相次ぐ近親者の死
皇太子となった花山は一条第を出て、平安京内裏五舎の一つで、前庭に紅白の梅が植えられたことから「梅壺」とも呼ばれる「凝華舎」を居とした。
花山の外祖父・藤原伊尹は、天禄元年(970)に右大臣、摂政となり、翌天禄2年(971)には正二位太政大臣に任じられた。
この伊尹が長く健在であれば、花山の人生もまた違ったものになっただろう。
だが、伊尹は天禄3年(972)11月、花山が5歳のとき、49歳で病死してしまう。
さらに天延2年(974)9月には、母・藤原懐子の弟である藤原挙賢と藤原義孝が同日に死去し、翌天延3年(975)には、4月に母・懐子が31歳で、異母妹の光子が3歳で、この世を去った(今井源衛『国語国文学研究叢書8 花山院の生涯』)。花山、8歳のときのことである。
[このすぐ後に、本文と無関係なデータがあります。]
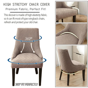 Home Jacquard Sloping Back Chair Cover Stretch Dining Chairs Slipcovers Chair Covers Soild Color Curved Chair Covers for Home Hotel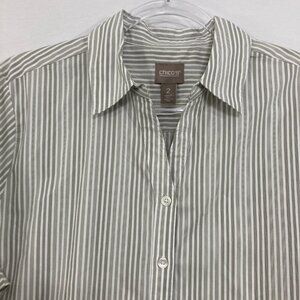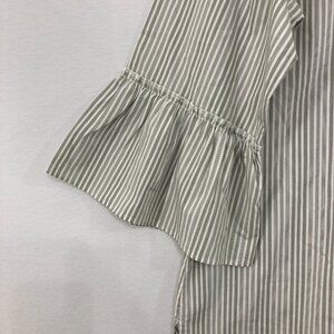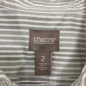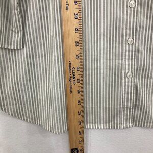 Chico's size Large/2 Gray White Striped Ruffle Sleeve Preppy Button Down Office

花山の外戚(母の父、もしくは兄弟)で存命なのは、高橋光臣が演じる外叔父の藤原義懐(957~1008)だけだったという。
権勢者であった外祖父の伊尹にくわえ、藤原挙賢と藤原義孝の二人の叔父、母・懐子と、立て続けに近親者を失った花山の後見は弱く、権力基盤はとても脆いものであった。
祖母・恵子女王に養育される
母・懐子亡き後、花山は、懐子の母・恵子女王(925~992/代明親王の娘)に養育された。
貞元2年(977)、花山10歳のとき、読書初めの儀が行なわれたが、そのとき副侍読を務めたのが、岸谷五朗が演じる藤原為時(紫式部の父)である。
天元5年(982)2月には、15歳で元服している。
当時は、元服と同時にキサキが決まるのが、「貴人の習わし」だったというが、花山の場合、そのような存在は確認できないという(今井源衛『国語国文学研究叢書8 花山院の生涯』)。
後見が弱い皇太子と、姻戚を結ぶ者はいなかったのだろうか。